Но за эти полгода, еще не понимая, что вижу, я уже узнала Америку с ее невероятно добрыми и всегда помогающими людьми, с чистотой ресторанов, мрамором и никелем огромных ванных, бассейнами у каждого дома и туалетной бумагой даже в лесу. Я увидела космические аэропорты Бостона и Чикаго, шестиполосные highways, многоуровневые развязки, тысячи машин, паркуемых старшеклассниками, сотни персональных компьютеров  в колледжах и предтечу мобильных телефонов, еще громоздких и тяжелых в руках у докторов. Сияющий офис дантиста был местом, где можно было лечь в кресло и расслабиться. Не то что боли,  – кроме нирваны и классической музыки, никаких ощущений. Супермаркеты после двух сортов колбасы в еще советских гастрономах пугали своей огромностю и миллилоном незнакомых продуктов (сколько было случаев, когда иммигранты там падали в обморок).
И вот после этой-то марсианской реальности я ждала чего-то еще лучшего, еще более необыкновенного. Я ждала Парижа Хэмингуэя, праздника, который всегда с тобой, который в миллион раз круче и современнее Америки.

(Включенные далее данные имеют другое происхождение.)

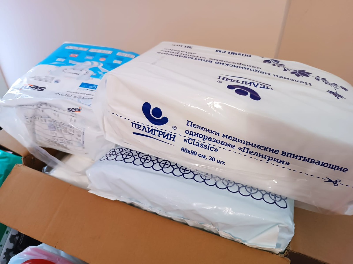 На днях приход храма получил от добровольческой группы троснянских мастериц медицинские простыни и пеленки, необходимые для оказания первой помощи бойцам на передовой и маскировочные сети. Также среди предметов, переданных волонтерами - партия медицинских пеленок и памперсов промышленного производства.
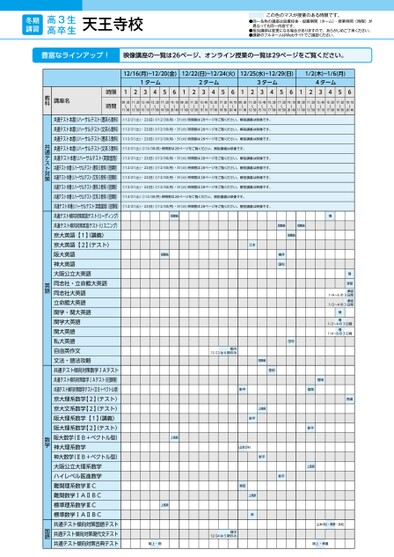 高3生高卒生冬期講習●同一名称の講座は設置校舎・設置期間(ターム)・授業時間(時限)が異なっても同一内容です。●担当講師は変更になる場合がありますので、あらかじめご了承ください。●講師のフルネームはWebサイトでご確認ください。この色のマスが授業のある時限です。①12/21(土)・22(日)②12/30(月)・31(火)時間割は●ページをご覧ください。解説講義は映像です。8ページをご覧ください。解説講義は映像です。①12/21(土)・22(日)②12/30(月)・31(火)時間割は●ページをご覧ください。解説講義は映像です。8ページをご覧ください。解説講義は映像です。①12/21(土)・22(日)②12/30(月)・31(火)時間割は●ページをご覧ください。解説講義は映像です。28ページをご覧ください。解説講義は映像です。①12/21(土)②12/30(月)時間割は●ページをご覧ください。解説講義は映像です。8ページをご覧ください。解説講義は映像です。①12/21(土)・22(日)②12/30(月)・31(火)時間割は●ページをご覧ください。解説講義は映像です。8ページをご覧ください。解説講義は映像です。①12/21(土)・22(日)②12/30(月)・31(火)時間割は●ページをご覧ください。解説講義は映像です。8ページをご覧ください。解説講義は映像です。①12/21(土)・22(日)②12/30(月)・31(火)時間割は●ページをご覧ください。解説講義は映像です。8ページをご覧ください。解説講義は映像です。①12/21(土)・22(日)②12/30(月)・31(火)時間割は●ページをご覧ください。解説講義は映像です。28ページをご覧ください。解説講義は映像です。①12/21(土)②12/30(月)時間割は●ページをご覧ください。解説講義は映像です。8ページをご覧ください。解説講義は映像です。①12/21(土)・22(日)②12/30(月)・31(火)時間割は●ページをご覧ください。解説講義は映像です。8ページをご覧ください。解説講義は映像です。胡摩﨑胡摩﨑江本胡摩﨑胡摩﨑胡摩﨑横井国松西内12/22は6限のみ田村胡摩﨑堂前慎慎津留津留1/4〜6の3日間1/4~6間津留1/2〜4の3日間1/2~4間慎慎1/2〜4の3日間慎1/4〜6の3日間信岡信岡西浦12/16(月)~12/20(金)12/22(日)~12/24(火)12/25(水)~12/29(日)1/2(木)~1/6(月)1ターム2ターム3ターム4ターム12345612345612345612345609:30〜11:0011:20〜12:5013:40〜15:1015:30〜17:0017:20〜18:5019:10〜20:4009:30〜11:0011:20〜12:5013:40〜15:1015:30〜17:0017:20〜18:5019:10〜20:4009:30〜11:0011:20〜12:5013:40〜15:1015:30〜17:0017:20〜18:5019:10〜20:4009:30〜11:0011:20〜12:5013:40〜15:1015:30〜17:0017:20〜18:5019:10〜20:40時限時間講座名教科豊富なラインアップ!映像講座の一覧は26ページ、オンライン授業の一覧は29ページをご覧ください。天王寺校共通テスト本番リハーサルテスト(理系6教科)共通テスト本番リハーサルテスト(文系6教科)共通テスト本番リハーサルテスト(理系3教科)共通テスト本番リハーサルテスト(文系3教科)共通テスト本番リハーサルテスト(英数国型)共通テスト本番リハーサルテスト(理系5教科)旧課程)共通テスト本番リハーサルテスト(文系5教科)旧課程)共通テスト本番リハーサルテスト(理系3教科)旧課程)共通テスト本番リハーサルテスト(文系3教科)旧課程)共通テスト本番リハーサルテスト(英数国型)旧課程)共通テスト傾向対策英語テスト(リーディング)共通テスト傾向対策英語テスト(リスニング)京大英語【1】講義)京大英語【2】テスト)阪大英語神大英語大阪公立大英語同志社・立命館大英語同志社大英語立命館大英語関学・関大英語関学大英語関大英語私大英語自由英作文文法・語法攻略共通テスト傾向対策数学ⅠAテスト共通テスト傾向対策数学ⅠAテスト(旧課程)共通テスト傾向対策数学テスト(ⅡB+ベクトル型)京大理系数学【2】テスト)京大文系数学【2】テスト)阪大理系数学【1】講義)阪大理系数学【2】テスト)阪大数学(ⅡB+ベクトル型)神大理系数学神大数学(ⅡB+ベクトル型)大阪公立大理系数学ハイレベル医進数学難関理系数学ⅢC難関数学ⅠAⅡBC標準理系数学ⅢC標準数学ⅠAⅡBC共通テスト傾向対策国語テスト共通テスト傾向対策現代文テスト共通テスト傾向対策古典テスト共通テスト対策英語数学国語影平上高原影平山本(洋)影平湘田上高原岸影平上高原影平上高原上高原阪上・畑●2024年度/冬期講習/近畿/天王寺/高3・卒生/パターン14452024_57_5_515_11_20240705183532.csv/1ページ校了時削除畑中12/24は5限のみ山本(和)・青野・永松阪上・幸重
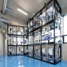 Il constitue un support pédagogique extrêmement pratique : la Tour hydraulique simule l’installation d’appareils sanitaires dans des logements de 3 étages, avec plusieurs modules de WC, douches et lavabos à chaque niveau. L’ensemble des canalisations qui relie ces modules sanitaires est réalisé avec des canalisations transparentes ce qui permet de suivre visuellement la circulation des fluides.
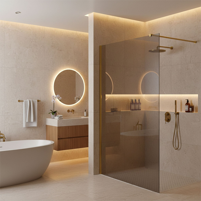 Podtrhněte jedinečný charakter své koupelny volbou walk-in sprchové zástěny Rea Flexi se šedým sklem a profily v barvě zlatá lesk. Toto vytříbené spojení tónované grafitové tabule s lesklou úpravou dodá interiéru moderní eleganci. Konstrukce z pevného 8mm tvrzeného skla zaručuje bezpečnost a dlouhou životnost.8mm tvrzené sklo (šedé) – odolná tabule s hlubokým šedým tónem, která vytváří intimnější atmosféru, zajišťuje soukromí a je moderním pozadím pro lesklé detaily.Hliníkový profil zlatá lesk – efektní zrcadlová povrchová úprava nástěnného profilu, která krásně odráží světlo a kontrastuje s tmavším sklem.Povlak Easy Clean – moderní hydrofobní vrstva, díky které voda rychleji stéká a omezuje usazování mýdla a vodního kamene.Stabilizační vzpěra 120 cm s regulací – rameno ve zlatém lesku, zkracovatelné na míru pro přesné nastavení hloubky sprchové zóny.Univerzální montáž – instalace vpravo nebo vlevo, na vaničku nebo přímo na dlažbu se žlabem.Konstrukce Walk-In – minimalistický otevřený vstup bez dveří a prahů, pro maximální pohodlí a snadný přístup.Sprchová zástěna Rea Flexi Gold Gloss Grey je volbou pro ty, kteří hledají neotřelý design. Kombinace šedého skla a lesklého zlata vytváří luxusní a výrazný efekt. Díky povlaku Easy Clean a kvalitním materiálům spojuje dekorativní vzhled s praktičností.
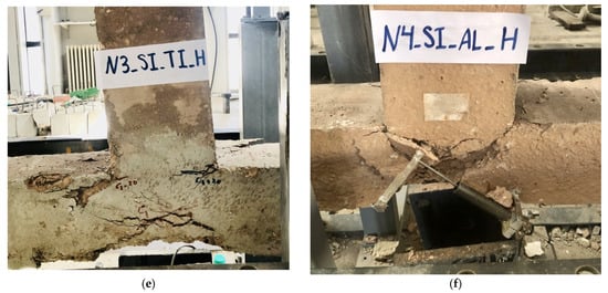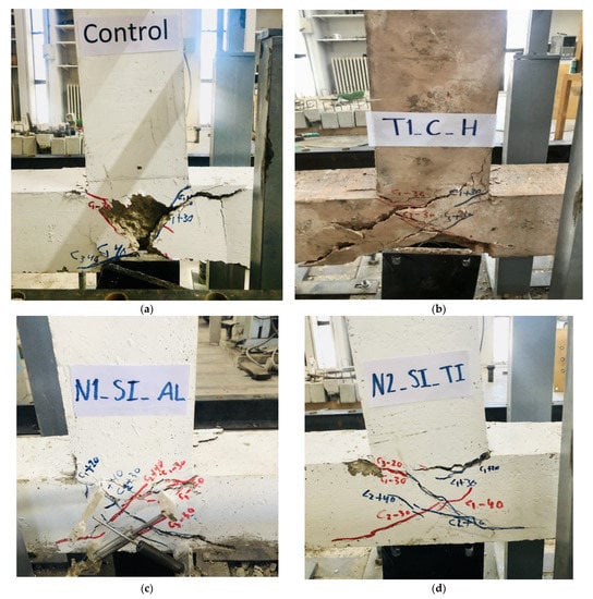 The mode of failure and crack pattern of the test specimens. (a) Control; (b) T1-C-H; (c) N1-SI-AL; (d) N2-SI-TI; (e) N3-SI-TI-H; (f) N4-SI-AL-H.
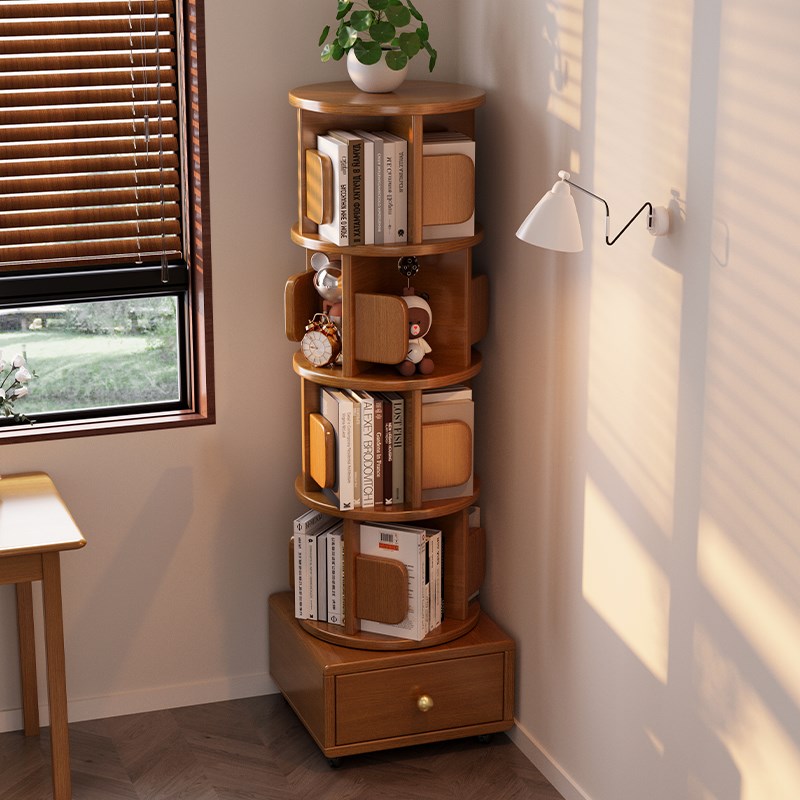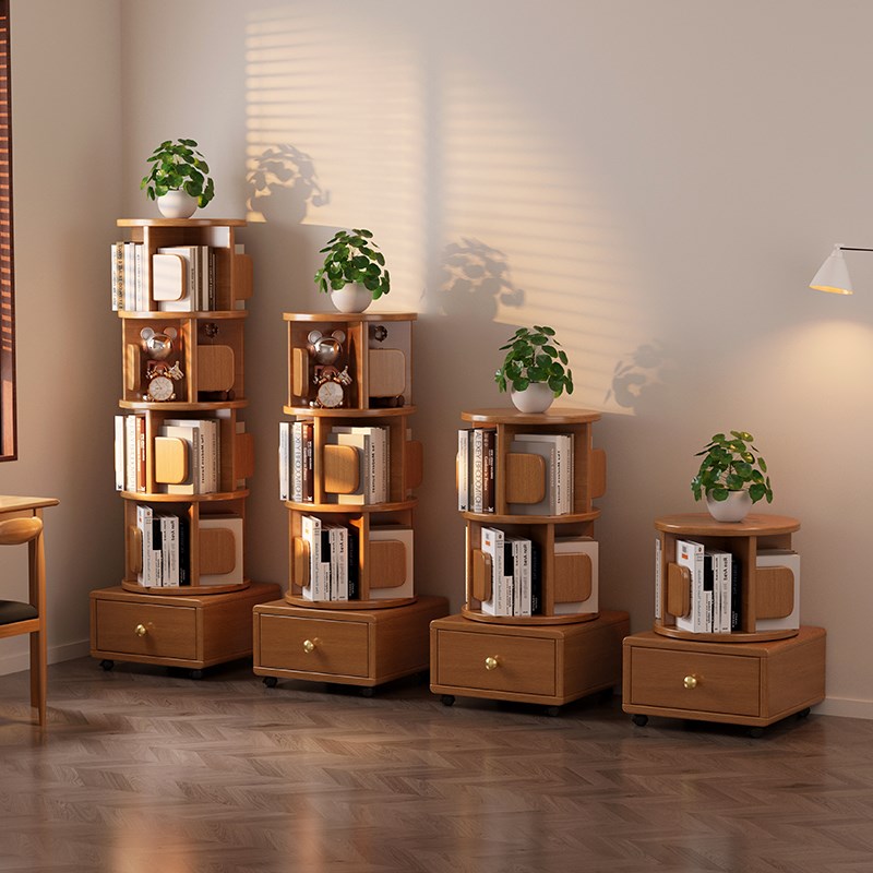 实木旋转小书架移动带轮卧室儿童书柜简约床头柜床边收纳置物架子
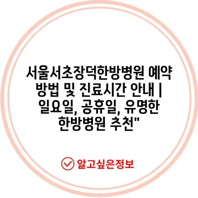 ✅ 서울서초장덕한방병원 예약 방법을 지금 바로 알아보세요!
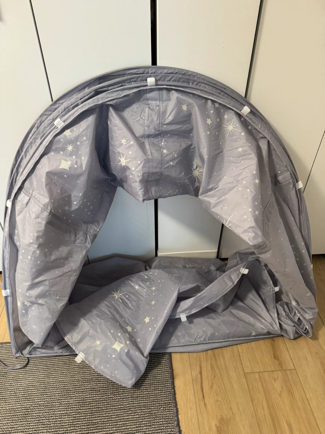 This AIRPORT Original Dream Form portable twin bed canopy's design features glow-in-the-dark stars. It's designed to fit a twin bed and provides a fun, enclosed space. Daylight will charge the glowing stars for a magical nighttime effect!

Мои идеализм и глупость заслуживали пощечины, и я ее получила. Самым романтическим парижским воспоминанием был и остается факт, что на Елисейских полях, где в июньской ночи, ошалев от разницы во времени,  я гуляла в полном одиночестве, совершенно достойный с виду господин принял меня за проститутку и пригласил в весьма солидную машину.
Все остальное тогда было обвалом иллюзий. Узкие улицы и грязноватые рестораны с неприветливыми официантами, пересаживающими уже сделавшего заказ клиента. В одном хозяин в открытую издевался надо мной: не зная языка, я заказала два салата. (Можно ли представить, что так поступил бы американский ресторатор по отношению к иностранцу?) Слева от стойки на жердочке сидел, теряя перья, огромный облезлый попугай и гадил, хорошо, что не в тарелки посетителей. Все выглядело устаревшим: обшарпанные тесные ванные с сантехникой 19 века, такси – смехотворно маленькие облезлые машины, где владельцы умудрялись возить с собой собак и запах псины. В Лувре по проваленному щербатому паркету, переложенному только раз со времен первых владельцев, бизоньи стада туристов направлялись в противоположную сторону раздраженными старухами, злобными, как смотрительницы в Русском музее. К картинам не подойти. Одна Ника Самофракийская за отсутствием рук интереса ни у кого не вызывала. Попав на несколько часов в полуобвалившийся парижский госпиталь, я почувствовала, что почти вернулась в Советский Союз.
В ударе разочарования оставшимся в Ленинграде я написала:
Вас хочу увидать и не вижу.
Месяц делит вопрос и ответ.
Ну, была. Ну, была я в Париже
Ничего там хорошего нет.
Мы, уехавшие еще из неделимого Союза, ничего не знали об Америке, да и сейчас многие, прожив в ней десятилетия, ничего не поняли.  Точно так же мы ничего не знали о Франции, оставшись с тем же набором сентиментальных восторгов советских людей, подсмотревших в замочную скважину французских фильмов на сверкающий свет французской жизни.
Для меня рельная Франция стала открываться после эмиграции и только благодаря моему болезненному, как у всех детей и внуков переживших Холокост, отношению к еврейскому вопросу.
Ну, сдали французы евреев. А кто их не сдавал? Ну, бежали парижане впереди нацистов, чтоб согнать евреев на велодром или донести, что кто-то прячется. Хотя бы не бросались громить, убивать и разворовывать еврейское имущество еще до прихода немцев, как это делали поляки и украинцы..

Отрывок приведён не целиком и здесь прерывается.